Free Text Searches

A free text search scans all the indexed data for a specific Refinery view, across all columns, for the specified time frame.

Free text searches could be very slow in large datasets since they scan all fields. If you have a small data set and you are not sure whether a value might be in the indexed data, a free text search could be helpful. The following example shows a free-text Discover search for the term Opera or "Opera" in an index with one million records:

After the free text search, the results narrow to just under 200,000 results that contain the term Opera in any field. The results sill not match against extensions like Operas or Operations or opera (lowercase) if the Refinery view is case-sensitive, which is the typical setting for most views.
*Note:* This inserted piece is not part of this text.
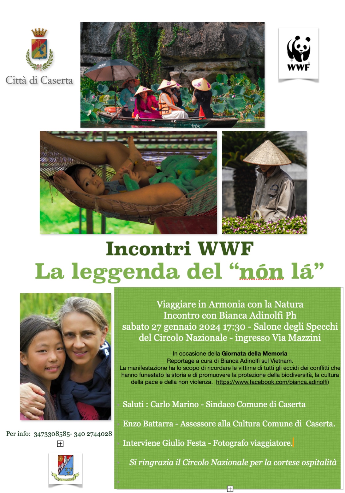 In occasione del “Giorno della Memoria”, sabato 27 gennaio alle ore 17,30, presso il Salone degli Specchi del Circolo Nazionale (ingresso Via Mazzini), č in programma un incontro organizzato dal Wwf, con il patrocinio del Comune di Caserta, dal titolo “La leggenda del non lā”, nel corso del quale verrā presentato il reportage fotografico realizzato in Vietnam dalla fotografa viaggiatrice Bianca Adinolfi. La manifestazione ha lo scopo di ricordare le vittime di tutti gli eccidi dei conflitti che hanno funestato la storia e di promuovere la protezione della biodiversitā, la cultura della pace e della non violenza. All’incontro interverranno il Sindaco di Caserta, Carlo Marino, l’Assessore alla Cultura, Enzo Battarra, e il fotografo viaggiatore, Giulio Festa.

Searching for a term like error in very large indexes could return millions or even billions of results, and require a lot of compute/worker resources to complete.

In free-text, you can use wildcards like Oper* to find results that begin with Oper including Opera, Operations, and so on (again, with case-sensitive results using the default view setting), or *Oper* to find results where Oper is found in any part of a value. If a view is case-insensitive, the results will match on any letter case; however, performance is slower for case-insensitive matches, especially for a wide search across a large body of indexed data. The following sample shows a wide search that is narrowed by a free text search for Oper*:

Free text searches could be useful to run a general sweep of the indexed data for a very specific term. In general, free-text searches are not recommended because of the performance. For most searches, it is a better practice to "bind" your searches to a field to narrow the search and reduce the results for performance and also review.